Böyle düşünmek faziletli kişiye yakışmaz.
***
Dördüncüsü: Ben her şeyi bilirim, bilmediğim yoktur.
Büyük bilge Sokrates, “Bir şey biliyorsam, o da hiçbir şey bilmediğimdir” demiş.
***
Beşincisi: Devlet kötü, bu devleti yıkmak lazımdır.
Böyle konuşanlar ve yazanlar cahil ve kültürsüzdür. Devlet ile rejim arasındaki farkı bilmiyorlar. Devlet şişe gibidir. İçine süt, limonata, memba suyu konulabildiği gibi şarap, rakı, zehirli meşrubat konulabilir. Şarabı dökersin, şişeyi yıkayıp şartlarsın, içine helal bir içecek koyarsın. Şarap var diye şişeyi kırmak ahmaklık ve ziyankarlık olur. Devleti korumalı, gözetmeli, ayakta tutmalı; kötü rejimi (düzeni sistemi) değiştirip, yerine âdil ve hak bir rejim getirmelidir. Devlet ile kötü düzeni özdeşleştirenler âmme hukuku nazariyatından bîhaberdir.
***
Altıncısı: Benim şeyhim uçuyor edebiyatı yapan kişi.
Gerçek şeyhler uçmaz, onları cahil ve holigan müridler uçurur. Şeyh, iki ayağını sımsıkı yere basan kimsedir. İnsanların en büyüğü olan Resulullah (Salat ve selam olsun ona) bir kere mi’raca çıkmış, şu şeyh efendi ise gökten yere inmiyor. Fesubhanallah! Gerçek şeyhler, şeyhim uçup duruyor edebiyatı yapan kimseleri tarikattan kovar.
***
Yedincisi: Her şey yolunda, her şey mükemmel, nurlu ufuklara dört nala koşuyoruz…

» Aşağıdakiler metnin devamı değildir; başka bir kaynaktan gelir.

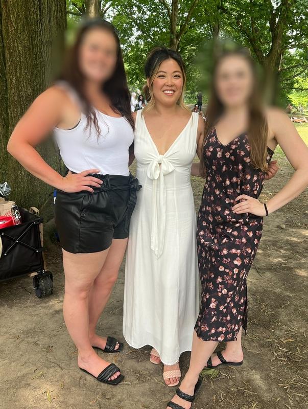 I struck out finding a dress for my bridal shower at both Lulus and Revolve, then thankfully remembered my last purchase from Petal and Pup. . . I overnighted 2 different sizes of 2 different styles from P&P and loved BOTH options. I ended up choosing this style with the front tie, and received so many compliments. It was great to have the front be adjustable so you can retie as tight as you need to stay contained! It is also a thick enough linen material that my underwear didn't show through, which rarely happens with white dresses. Overall, the large was the perfect size (length as well) for me and I will absolutely wear for numerous reasons again!

Böyle söyleyenlerde tavuk kadar akıl ve iz’an yoktur. Âhir zamanda yaşıyoruz. Küçük alametlerin tamamı zuhur etmiş, büyük alametlerin çoğu. Dinsizlik, densizlik, donsuzluk, ahlaksızlık, fısk, fücur, fitne, fesat, isyan ayyuka çıkmış. Din, Şeriat, iman elden gidiyor. Şu adamın her şey yolundadır sözüne bakın.
***
Gururlu, kibirli birine: Başkalarında hakkın, alacağın varsa istersen afvedebilirsin. Lakin insanların günahlarını afvetmek selahiyetin yoktur. Günahları, dilerse Allahü Teala afveder. Haddini bil, Katolik papazlığı taslama. Başkalarının günah ve ayıplarıyla uğraşacağına, kendi günah ve ayıplarına üzül, ağla.
***
Bahçedeki büyük aylandoz ağacının tohumları fırtınada balkonuma düşmüş. Onları topladım, bir poşete koydum. Sonbaharda köy evimin bahçesine ve etrafına dikeceğim. Bunlar yeşerirse ileride fakir için rahmet vesilesi olur. Mâlum olduğu üzere yeşillikler zikr eder. Şair “Her ne yeşillik ki, yerden biter / Birdir O, şeriki yoktur O’nun der” buyurmuştur.
***
İslam’ın üstünlüklerinden, meziyetlerin biri de, iffet ve namus kavramına ve değerine sahip olmasıdır. Sefih (beyinsiz), ahlaksız, şeytanî, deccalî, fıtrata aykırı mimsiz pagan medeniyetinde böyle bir değer yoktur.